Biosphere 2 is an ideal laboratory for studying the effects of climate change because it can be tuned to create different environmental conditions. The facility, which tops 3 acres, reproduces several of the planet’s major biomes—including the ocean, wetlands, rain forest, savannah, and desert. “It’s like a field experiment because it’s so huge,” said Ravi.

The team grew hundreds of buffelgrass and tanglehead plants and divided them between Biosphere 2’s savannah biome, maintained at ambient conditions, and its desert biome, which is warmed by roughly 5°C. The idea was to repeat the experiments in two conditions to mimic the effects of climate change, said Ravi.

“If something is going to come back, it’s going to be the invasive grass.”

After watering the plants regularly for a few months, the researchers then withheld irrigation from half of the plants for several months, effectively exposing them to drought-like conditions. The water-starved grasses responded as they would in nature: They went dormant. The team accordingly irrigated the plants again the following spring before finally quantifying what fraction of grasses of each species, exposed to each set of temperature and moisture conditions, survived.

Ravi and his colleagues found that grasses of both species rallied after experiencing drought-like conditions at ambient temperatures. But the combination of warmer temperatures and lack of moisture killed 100% of the native tanglehead plants compared with only roughly 80% of the invasive buffelgrass plants. That’s a significant difference in mortality, said Ravi. “If something is going to come back, it’s going to be the invasive grass.”

This finding wasn’t wholly unexpected given the nature of buffelgrass, said Grissom. “After seeing how it behaves, I’m not surprised.
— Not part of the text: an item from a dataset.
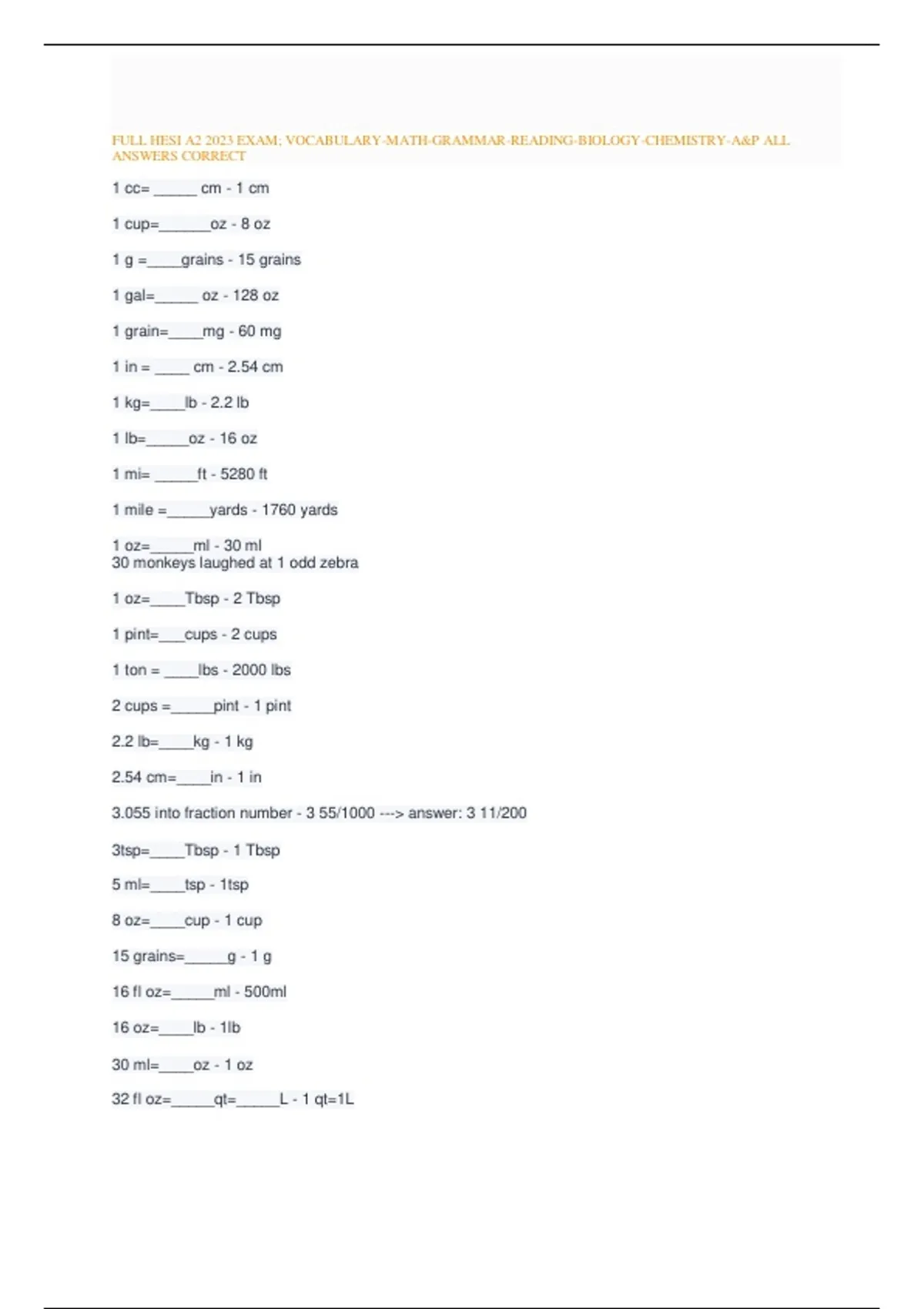 ,FULL HESI A2 2023 EXAM; VOCABULARY-MATH-GRAMMAR-READING-BIOLOGY-CHEMISTRY-A&P ALL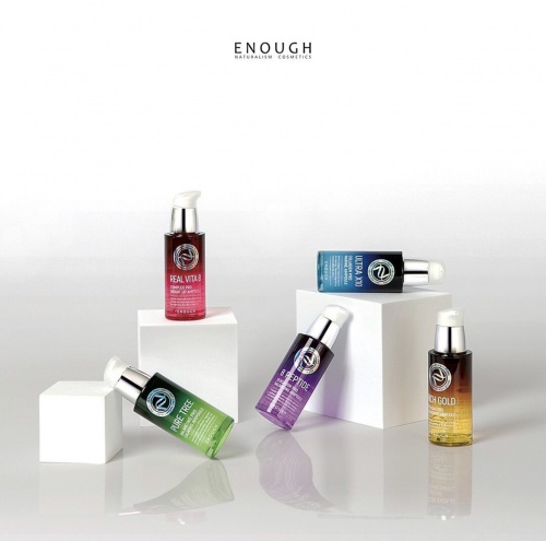 Ампульная сыворотка от бренда Enough восстанавливает кожный гидролипидный баланс, омолаживает, разглаживает морщинки, увлажняет, укрепляет, защищает от преждевременного старения и внешних факторов. У средства очень приятная гелевая и не липкая текстура, что позволяет максимально комфортно использовать средство.

It’s really tough.”

These results are a harbinger of what’s to come in arid regions, the researchers suggested. Drought- and heat-adapted invasive plants like buffelgrass will increasingly gain a toehold, at the expense of native species. Climate change and biological invasions work in tandem to alter desert landscapes for the worse, said Ravi. “They can synergistically act to drive landscapes into degradation.”